[[ DATA EXTRACT open ]]

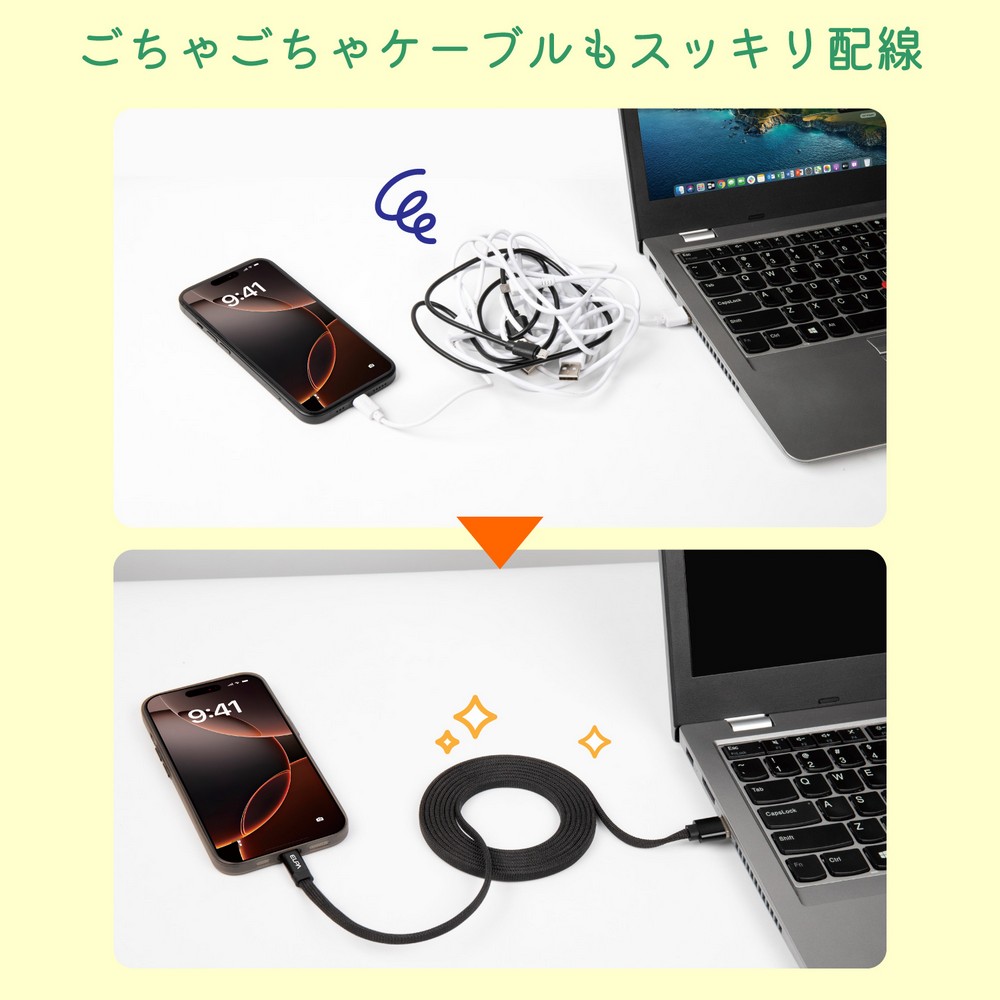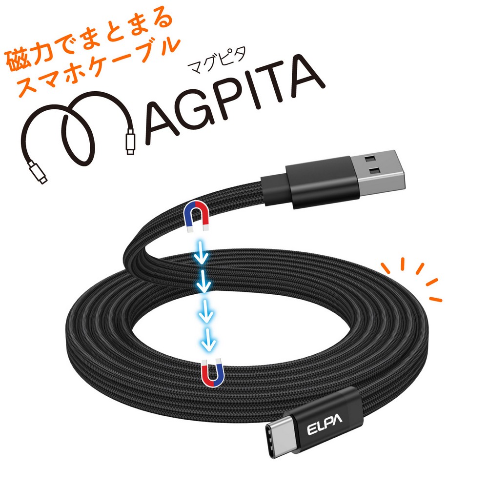 エルパ(ELPA) マグピタ マグネットUSBケーブル 平形 PD27W TypeA → TypeC 1.5m ブラック MCA-FAC1527(BK)
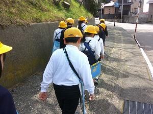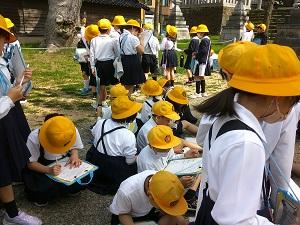 学校のまわりにはどんなものがあるかを見つけながら探検しました。
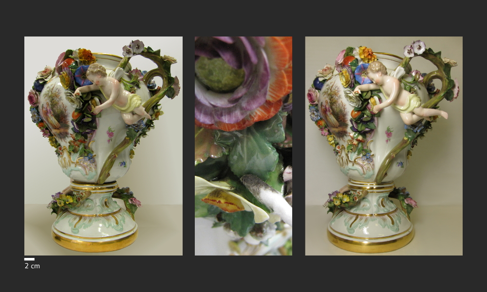 Korpus einer Potpourrivase aus der Porzellanmanufaktur Meissen. Reinigung der Oberfläche, Abtrag von gealterten Retuschen, Ergänzung des fehlenden Beines des schwebenden Putto, Retusche von Fehlstellen. Vorzustand, Detailaufnahme während der Reinigung, Nachzustand. Eigentum der Städtischen Museen Heilbronn, Meissener Prunkvase (Duftvase/Potpourri), Meissen 1850-1880, Slg. Becker-Franck, Inv.-Nr. 9218A/07. Abbildung mit freundlicher Genehmigung des Eigentümers, Foto: Lucie Selb & Melanie Konrad GbR, 2016.
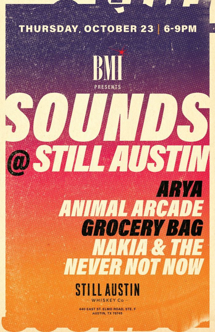 BMI Presents Sounds @ Still Austin Whiskey Co. (440 E St Elmo Rd Suite F, Austin, TX), 6:00-9:00PM.
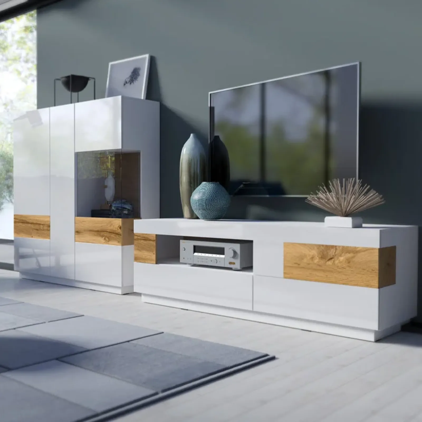 - Vetrina bassa Bahama sinistra 2 ante bianco lucido rovere
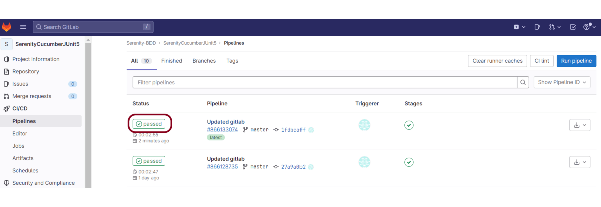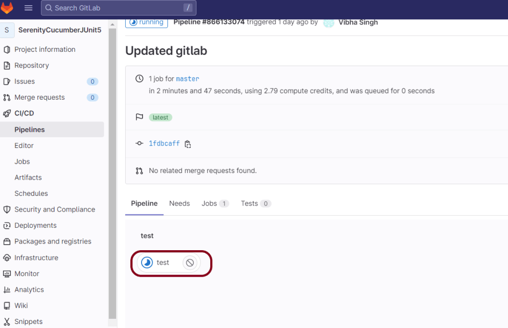 Congratulations. This tutorial has explained the steps to run Serenity tests in GitLab CI/CD. Happy Learning!!
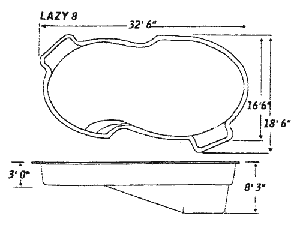 The Lazy 8 adds impressive beauty of form to any home. With distinct curves and "love seats" for two on each end of the pool, your own backyard comfort zones for two can take you away from the stress of the day. With side entry stairs and bench, there is lots of room for laps and exercise in the Lazy 8. A convenience ledge starts at the end of the shallow end and continues completely around the diving well to join once again at the opposite shallow end wall. The Lazy 8 is diving ready for a six (6) foot diving board. How do you have a lazy day of fun and leisure? In the Model Lazy 8 of course! |
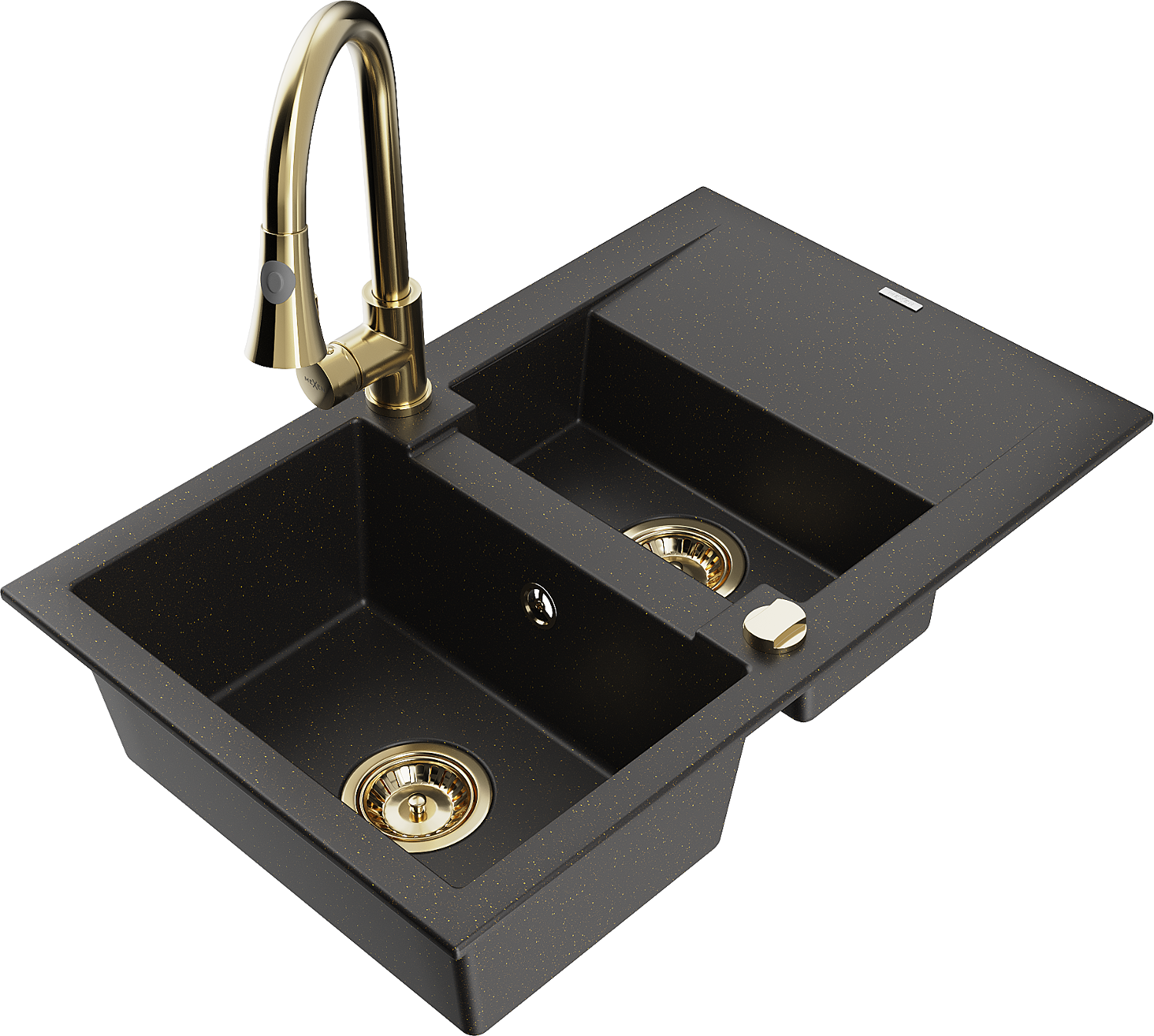 Mexen Gaspar granitový dřez 1,5-komorový s odkapávačem a kuchyňskou baterií Elia, černý/zlatý metalik - 6507-75-670101-50
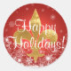 Machen Sie Ihren Urlaub elegant mit diesem festlichen Design einer weißen Schneeflocke und goldenen Fleur-de-lis auf einem roten Weihnachtsgebirge. Vervollständigen Sie Ihren Urlaubsstil mit Grußkarten, Briefmarke und Etiketten.

[[ DATA EXTRACT closed ]]

EXERCISE GOAL: Please output all of the data exactly as given, omitting any images it holds.

RESPONSE:
 エルパ(ELPA) マグピタ マグネットUSBケーブル 平形 PD27W TypeA → TypeC 1.5m ブラック MCA-FAC1527(BK)
 学校のまわりにはどんなものがあるかを見つけながら探検しました。
 Korpus einer Potpourrivase aus der Porzellanmanufaktur Meissen. Reinigung der Oberfläche, Abtrag von gealterten Retuschen, Ergänzung des fehlenden Beines des schwebenden Putto, Retusche von Fehlstellen. Vorzustand, Detailaufnahme während der Reinigung, Nachzustand. Eigentum der Städtischen Museen Heilbronn, Meissener Prunkvase (Duftvase/Potpourri), Meissen 1850-1880, Slg. Becker-Franck, Inv.-Nr. 9218A/07. Abbildung mit freundlicher Genehmigung des Eigentümers, Foto: Lucie Selb & Melanie Konrad GbR, 2016.
 BMI Presents Sounds @ Still Austin Whiskey Co. (440 E St Elmo Rd Suite F, Austin, TX), 6:00-9:00PM.
 - Vetrina bassa Bahama sinistra 2 ante bianco lucido rovere
 Congratulations. This tutorial has explained the steps to run Serenity tests in GitLab CI/CD. Happy Learning!!
 The Lazy 8 adds impressive beauty of form to any home. With distinct curves and "love seats" for two on each end of the pool, your own backyard comfort zones for two can take you away from the stress of the day. With side entry stairs and bench, there is lots of room for laps and exercise in the Lazy 8. A convenience ledge starts at the end of the shallow end and continues completely around the diving well to join once again at the opposite shallow end wall. The Lazy 8 is diving ready for a six (6) foot diving board. How do you have a lazy day of fun and leisure? In the Model Lazy 8 of course! |
 Mexen Gaspar granitový dřez 1,5-komorový s odkapávačem a kuchyňskou baterií Elia, černý/zlatý metalik - 6507-75-670101-50
 Machen Sie Ihren Urlaub elegant mit diesem festlichen Design einer weißen Schneeflocke und goldenen Fleur-de-lis auf einem roten Weihnachtsgebirge. Vervollständigen Sie Ihren Urlaubsstil mit Grußkarten, Briefmarke und Etiketten.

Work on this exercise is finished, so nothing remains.